Потоптался у жаркого огня.
– Ну, братцы, я пошёл!
Молчание. Даже между собою не переговариваются. Лишь потрескивание сухих стволов, изгибающихся в жарком полыме.
Гаранин двинулся вперёд, в голову застрявшей колонны, прояснить обстановку: долго ли загорать придётся?!..
Трактор тарахтел где-то наверху, на продуваемом всеми чукотскими ветрами плато, затащив на верхотуру очередную машину – её ещё и потихоньку опустить вниз нужно!..А где же – бульдозер?..Бульдозер стоял внизу, слегка попыхивая выхлопной трубой. Бульдозерист, – "тоже мне – турецкий султан!" – расселся в утеплённой кабине, попивая густой кофе из термоса.
Бульдозерист устал от осаждающих: " ну, последнюю машину?!" Пристают и пристают, будто он, как и его бульдозер, железный! Вот и Гаранин туда же. И в ответ, даже не в ответ, – бульдозерист в упор не видит Гаранина, а если и видит, то видеть не хочет! – разговаривает сам с собою:
– Попью кофею и всё мне по…, – подмурлыкивает сам себе, но в рифму, – Эх и посплю я у Маньки под боком! – бульдозерист зевнул, да так, что скулы чуть не вывернул. – Высплюсь, а там хоть трава не расти!
– Ну, корешочек, если Россия потребует, после кофею одну машину вон на эту горочку поднимешь? А?
– Эта одна машина, небось, твоя? – сощурился в усмешке бульдозерист. – Все вы одним миром мазаны, под себя гребёте!
– Моя, – засмеялся Гаранин, – догадливый. А, насчёт, «гребёте», так где ты видел, браток, грабли, которые бы от себя гребли? От себя – то уже будут не грабли, а твой бульдозер!
Бульдозерист устало вздохнул.
– Не могу – засну за штурвалом и… коньки отброшу! Сутки они и есть сутки!.. Да ты особенно не гоношись, на смену мне скоро сменщик на новом бульдозере пришкандыбает…
– Браточек, прошу, в смысле, умоляю!..
– Сказано – не могу! Понимаю, всё понимаю, подошла твоя очередь, а тут – как назло! – бульдозерист пошабашил. Да?
– Так да не так! – усмехнулся Гаранин. – Очередь моя в самом хвосте – это ж сутки ждать придётся!
Бульдозерист усмешливо взглянул на него. Зевнул.
– Я то тут при чём?
– Послушай, браток, – Гаранин протиснулся в кабину, слегка подтолкнул разомлевшего водителя, высвобождая себе место на кожаном сиденье, – у тебя баба есть?
– Это в каком смысле? – брови бульдозериста поползли кверху.
– Так и понимать: зазноба имеется? Любимый человек с сиськами. Лапочка в тапочках на босу ногу!
– Допустим, есть.
– Отлично, корешман! Презент ей сделаем!
– Это каким же образом?
– Ты в своей жизни соболя хоть раз видел?
– На местном прокуроре! Лекцию он у нас читал. О браконьерах. Так на нём не только шапка, но и шуба была соболья.
– То-то! Затяни машину на перевал, спусти её на другую сторону – получишь соболя!
– Врёшь! Откуда у тебя соболь? Покажи!
– Есть соболёк. В кабине.

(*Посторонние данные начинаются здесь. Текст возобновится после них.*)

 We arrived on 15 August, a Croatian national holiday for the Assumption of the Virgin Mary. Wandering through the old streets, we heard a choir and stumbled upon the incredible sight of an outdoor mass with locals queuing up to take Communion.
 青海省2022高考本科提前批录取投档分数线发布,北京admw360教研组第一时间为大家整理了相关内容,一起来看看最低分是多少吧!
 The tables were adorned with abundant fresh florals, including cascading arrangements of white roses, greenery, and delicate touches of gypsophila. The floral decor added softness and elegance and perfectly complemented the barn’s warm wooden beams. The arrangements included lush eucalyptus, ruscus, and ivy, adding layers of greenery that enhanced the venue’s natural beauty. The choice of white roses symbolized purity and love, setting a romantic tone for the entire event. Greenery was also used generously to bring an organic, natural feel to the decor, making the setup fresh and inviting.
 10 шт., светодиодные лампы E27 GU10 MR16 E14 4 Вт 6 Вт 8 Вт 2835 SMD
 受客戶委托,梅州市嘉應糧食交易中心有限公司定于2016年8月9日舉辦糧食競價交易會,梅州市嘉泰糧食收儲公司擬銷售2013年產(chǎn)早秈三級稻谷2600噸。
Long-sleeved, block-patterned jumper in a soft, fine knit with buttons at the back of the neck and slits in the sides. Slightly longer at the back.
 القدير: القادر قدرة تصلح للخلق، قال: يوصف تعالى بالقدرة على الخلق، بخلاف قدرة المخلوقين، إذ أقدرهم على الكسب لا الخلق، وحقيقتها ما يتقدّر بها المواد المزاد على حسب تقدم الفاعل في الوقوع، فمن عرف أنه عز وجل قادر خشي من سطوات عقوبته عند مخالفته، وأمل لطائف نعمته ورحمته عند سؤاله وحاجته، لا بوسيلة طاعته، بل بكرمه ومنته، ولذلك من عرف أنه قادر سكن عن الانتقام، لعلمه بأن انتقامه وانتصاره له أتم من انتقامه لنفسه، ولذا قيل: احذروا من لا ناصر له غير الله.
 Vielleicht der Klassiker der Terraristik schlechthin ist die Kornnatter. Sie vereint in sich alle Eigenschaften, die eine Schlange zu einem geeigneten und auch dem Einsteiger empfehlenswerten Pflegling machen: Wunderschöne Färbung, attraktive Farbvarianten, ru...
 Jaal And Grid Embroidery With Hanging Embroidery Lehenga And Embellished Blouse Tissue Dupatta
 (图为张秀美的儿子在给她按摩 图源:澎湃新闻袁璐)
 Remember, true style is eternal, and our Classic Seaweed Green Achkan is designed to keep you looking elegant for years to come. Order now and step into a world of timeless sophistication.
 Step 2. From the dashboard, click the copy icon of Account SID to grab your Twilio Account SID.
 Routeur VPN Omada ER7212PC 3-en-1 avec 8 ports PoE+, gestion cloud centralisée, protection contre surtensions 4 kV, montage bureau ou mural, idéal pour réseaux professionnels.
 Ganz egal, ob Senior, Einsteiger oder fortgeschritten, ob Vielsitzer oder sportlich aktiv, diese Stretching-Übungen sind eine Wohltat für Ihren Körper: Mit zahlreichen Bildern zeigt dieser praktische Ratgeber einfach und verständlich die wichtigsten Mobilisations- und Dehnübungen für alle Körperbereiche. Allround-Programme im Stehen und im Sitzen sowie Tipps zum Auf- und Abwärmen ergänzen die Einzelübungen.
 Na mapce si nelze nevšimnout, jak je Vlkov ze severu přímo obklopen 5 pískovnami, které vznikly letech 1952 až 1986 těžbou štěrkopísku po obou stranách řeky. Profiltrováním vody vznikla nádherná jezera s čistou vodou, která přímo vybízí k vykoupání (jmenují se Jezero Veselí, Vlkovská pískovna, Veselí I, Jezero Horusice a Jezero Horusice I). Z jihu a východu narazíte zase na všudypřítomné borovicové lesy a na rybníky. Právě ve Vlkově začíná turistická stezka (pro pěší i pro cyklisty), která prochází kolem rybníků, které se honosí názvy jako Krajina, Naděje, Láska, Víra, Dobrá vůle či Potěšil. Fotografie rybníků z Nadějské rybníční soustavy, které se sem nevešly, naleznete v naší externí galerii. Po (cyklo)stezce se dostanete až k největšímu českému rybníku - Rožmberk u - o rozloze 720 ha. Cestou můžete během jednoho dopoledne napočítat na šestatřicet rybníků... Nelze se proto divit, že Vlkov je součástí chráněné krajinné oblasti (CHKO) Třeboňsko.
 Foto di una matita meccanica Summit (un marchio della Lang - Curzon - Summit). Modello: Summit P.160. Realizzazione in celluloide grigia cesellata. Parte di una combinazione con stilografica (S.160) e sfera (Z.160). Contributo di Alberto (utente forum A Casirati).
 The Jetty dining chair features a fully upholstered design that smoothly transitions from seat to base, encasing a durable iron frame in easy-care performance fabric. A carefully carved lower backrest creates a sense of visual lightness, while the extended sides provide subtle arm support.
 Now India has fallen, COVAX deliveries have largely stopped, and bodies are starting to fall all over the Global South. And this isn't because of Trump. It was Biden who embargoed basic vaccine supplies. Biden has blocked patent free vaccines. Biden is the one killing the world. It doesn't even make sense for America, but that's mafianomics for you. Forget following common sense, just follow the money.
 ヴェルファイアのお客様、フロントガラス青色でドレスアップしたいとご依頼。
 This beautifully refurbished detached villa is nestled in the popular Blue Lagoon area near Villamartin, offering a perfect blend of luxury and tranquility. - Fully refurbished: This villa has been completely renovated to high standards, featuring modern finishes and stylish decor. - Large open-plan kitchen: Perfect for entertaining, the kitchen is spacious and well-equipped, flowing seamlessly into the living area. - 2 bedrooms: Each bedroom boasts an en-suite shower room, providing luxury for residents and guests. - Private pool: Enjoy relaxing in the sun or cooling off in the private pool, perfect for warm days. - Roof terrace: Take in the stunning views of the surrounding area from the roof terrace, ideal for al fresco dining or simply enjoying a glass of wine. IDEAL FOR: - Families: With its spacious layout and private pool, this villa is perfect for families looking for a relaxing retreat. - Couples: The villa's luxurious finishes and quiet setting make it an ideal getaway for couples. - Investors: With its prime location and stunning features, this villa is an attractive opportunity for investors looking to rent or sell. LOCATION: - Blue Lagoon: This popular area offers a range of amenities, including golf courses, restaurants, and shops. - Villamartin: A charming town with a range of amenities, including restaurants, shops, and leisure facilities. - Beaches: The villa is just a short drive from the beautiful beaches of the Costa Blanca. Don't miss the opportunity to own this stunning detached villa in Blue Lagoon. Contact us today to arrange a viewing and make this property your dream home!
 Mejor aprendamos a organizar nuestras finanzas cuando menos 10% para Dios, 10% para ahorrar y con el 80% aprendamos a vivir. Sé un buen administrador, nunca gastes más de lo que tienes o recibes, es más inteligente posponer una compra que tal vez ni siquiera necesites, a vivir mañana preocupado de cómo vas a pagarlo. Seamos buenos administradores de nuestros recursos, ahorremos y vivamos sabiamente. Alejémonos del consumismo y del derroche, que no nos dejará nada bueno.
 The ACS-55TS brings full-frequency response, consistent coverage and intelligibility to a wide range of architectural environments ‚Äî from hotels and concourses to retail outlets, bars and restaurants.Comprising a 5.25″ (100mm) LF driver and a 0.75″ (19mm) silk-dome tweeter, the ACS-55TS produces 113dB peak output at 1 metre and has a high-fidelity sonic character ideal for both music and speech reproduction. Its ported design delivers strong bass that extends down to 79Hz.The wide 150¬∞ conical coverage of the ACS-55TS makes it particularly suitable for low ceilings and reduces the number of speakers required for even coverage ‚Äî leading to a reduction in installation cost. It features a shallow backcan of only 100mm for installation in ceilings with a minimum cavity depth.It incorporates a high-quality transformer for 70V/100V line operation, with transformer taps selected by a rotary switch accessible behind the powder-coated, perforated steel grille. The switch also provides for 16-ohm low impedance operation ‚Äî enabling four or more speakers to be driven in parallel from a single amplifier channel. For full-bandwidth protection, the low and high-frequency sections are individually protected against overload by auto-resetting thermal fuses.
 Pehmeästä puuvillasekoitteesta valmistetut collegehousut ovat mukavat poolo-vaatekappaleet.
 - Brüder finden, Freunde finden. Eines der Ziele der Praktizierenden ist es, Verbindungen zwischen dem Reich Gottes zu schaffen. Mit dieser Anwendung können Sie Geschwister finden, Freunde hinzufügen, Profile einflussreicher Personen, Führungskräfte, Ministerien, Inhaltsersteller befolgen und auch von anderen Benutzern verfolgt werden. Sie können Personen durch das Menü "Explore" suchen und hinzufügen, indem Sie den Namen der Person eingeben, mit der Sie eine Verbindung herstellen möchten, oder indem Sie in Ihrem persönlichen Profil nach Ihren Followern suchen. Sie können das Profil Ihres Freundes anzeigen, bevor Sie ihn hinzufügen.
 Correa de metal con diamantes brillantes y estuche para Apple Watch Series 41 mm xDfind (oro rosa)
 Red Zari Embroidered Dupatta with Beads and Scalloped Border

Чтоб мне с места не сдвинуться…
Дожжал всё-таки Гаранин бульдозериста!..Заурчала железная машина, крутанулась на месте, пугая своим ревом всё живое окрест и, круша обледенелую трассу, выскрёбывая траками торф из-под утрамбованного льда, двинулась к гаранинской машине…
– Держи трос, шоферюга!..
Лёгкий рывок – опытный бульдозерист! – и машина Гаранина поползла вперёд…
– Лугаюца, очена-очена шибко лугаюца! – чуткое ухо чукчи уловило матерный взрыв. – Очена нехолосо лугаюца.
– Лугаца нехолосо! – передразнил его Гаранин.
– Нехолосо, – согласился чукча.
И всю дорогу – верх-по прямой-спуск! – осторожно передвигалась гаранинская машина, обложенная матом.
Перевал и огромные кострища, возле которых дневала и ночевала шоферня, четырёх-пяти-шестиэтажный мат остались позади. Гаранин отцепил трос и приоткрыл дверцу кабины.
– Отец!
– Я отечь, я отечь, – закивал головою чукча.
– Выдай-ка, отец, моему лучшему другу, – Сергей Гаранин подмигнул бульдозеристу, – зайчика!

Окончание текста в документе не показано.